Guess who’s back! After a long vacation driving around Europe, Gerald joins us for a discussion of the short story, In the Cemetery Where Al Jolson is Buried. It sounds like he had a great trip and will soon write a post about his adventures. This week’s story touches on themes of death in a novel and brutally transparent way. It’s a story that touched us and brought up topics such as guilt, details in writing, and what it is that makes you trust a writer. I hope you enjoy this discussion as much as I did.

Don’t forget, to rate the story! For the history of our goofy system, see Anais’ post “Read Short Stories or Ray Bradbury Cries.” If you want to design a Bradberry, we’d love to see it.

Listeners gave last week’s story “The Servant’s Daughter” 2.75 Bradberries.

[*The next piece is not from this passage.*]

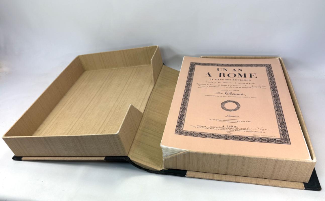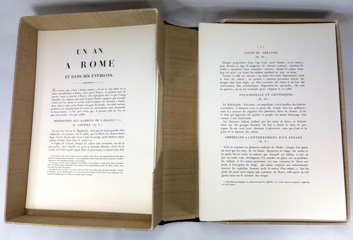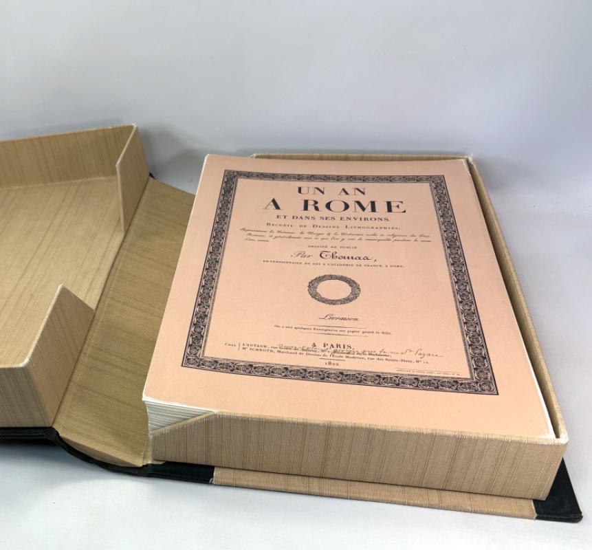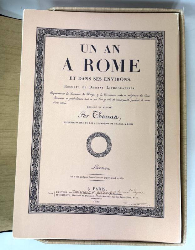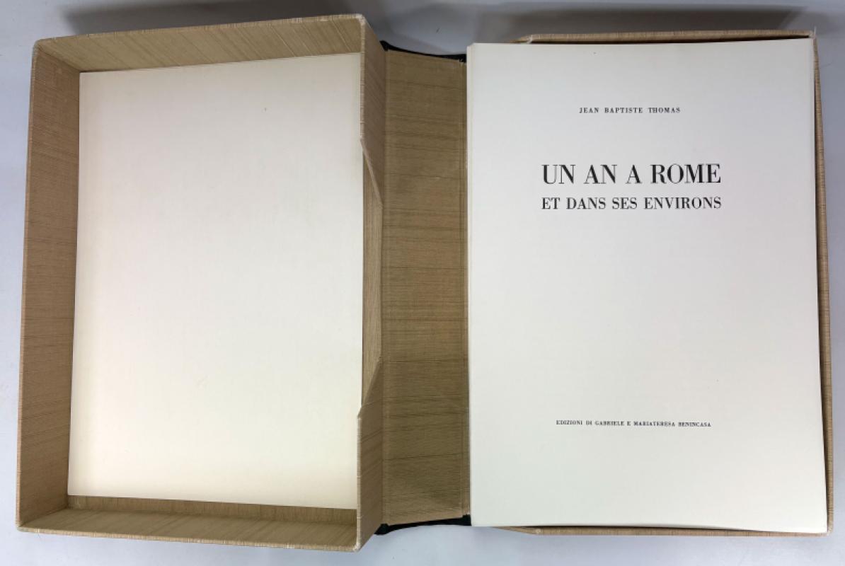 A deluxe limited folio facsimile of Antoine-Jean-Baptiste Thomas's celebrated Un an à Rome et dans ses environs, issued in Rome in 1972 by Gabriele and Mariateresa Benincasa. This numbered copy (No. 383) is complete with the full suite of plates in both states - 72 colour and 72 monochrome - together with 44 pages of text, each plate protected by its original ajoining tissue guard and housed in the publisher's half-leather Solander case. A superbly produced and increasingly sought-after modern facsimile of an important early nineteenth-century Roman work.

So tell us, on a scale of 1-6 Bradberries, how do you rate In the Cemetery Where Al Jolson is Buried? Tell us in the comments below or via voicemail, and we will give the final tally on the next episode.

Next week’s story is Safe, Somewhere by Baird Harper

8 comments on In the Cemetery Where Al Jolson is Buried – Amy Hempel – Literary Roadhouse Ep 23

  1. Gerald Hornsby says:

    Some great comments here! Thanks, guys.
    Yes, the communication thing was missed, but I didn’t think it was such a strong theme (that’s my excuse, and I’m sticking to it!) Amazing that it touched a number of readers, in different ways.

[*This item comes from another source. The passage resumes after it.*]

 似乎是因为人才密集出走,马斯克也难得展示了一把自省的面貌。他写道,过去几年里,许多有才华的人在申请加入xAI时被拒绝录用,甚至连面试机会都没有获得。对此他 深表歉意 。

  2. Maria Concepcion says:

    Thank you Maya! for including me in the "genius" group haha. This made me think of an anecdote, I told one of my kindergarteners he was very smart and he said " Never in a million years has anyone said I was smart!" in a million years! and he’s 5! lol, I also doubt that because he’s in the Gifted and Talented program in school 🙂

    I read the comment from Todd and I have to say I missed the theme of communication, but after he pointed out some lines from the story I can see that, good insight!

    What I got from the story as I related it to my own personal experience is that it was about relationships, especially a close friendship, and fear.

    The first thing the narrator establishes is her fear. She is conscious that she’s living her life in fear, and it is fear that has prevented her from visiting her friend, even though it’s obvious from the story that they are very close.

    The sick woman is also aware of her friend’s fears, this is why she tries to keep the conversation light. It’s for her friend’s sake and not for her own.This is the way they have always related to each other, accepting the friend’s limitations due to fear. This is why she never asks her friend to stay, she just has the bed put next to her, in hope that her friend would seize the opportunity and stay. I say opportunity because I think this is her intention to give her friend a chance to conquer her fear and do the right thing. She feels devasted when her friend leaves and part of the devastation is her disappointment in her friend.

    This was a defining moment in the author’s/narrator’s life. I can see this in the honesty and rawness of the story. I don’t know if I can call this guilt, I see it more as regret.

    I was able to connect to these characters in a personal level, therefore I’m giving it 5 Bradberries!

  3. Todd Williams says:

    ps I was trying to figure out the Al Jolson reference in the title and found this on Wikipedia:
    "Jazz historians have described Jolson’s blackface and singing style as metaphors for Jewish and black suffering throughout history."
    His first film (The Jazz Singer) was also the first full length picture with sound.

    Perhaps the title is referencing something like: "no more sign language to express pain?"

    1. Possibly. Or more obtusely, the reference is to the act of the story itself, which gives a voice/sound to something on which she’s been silent for years.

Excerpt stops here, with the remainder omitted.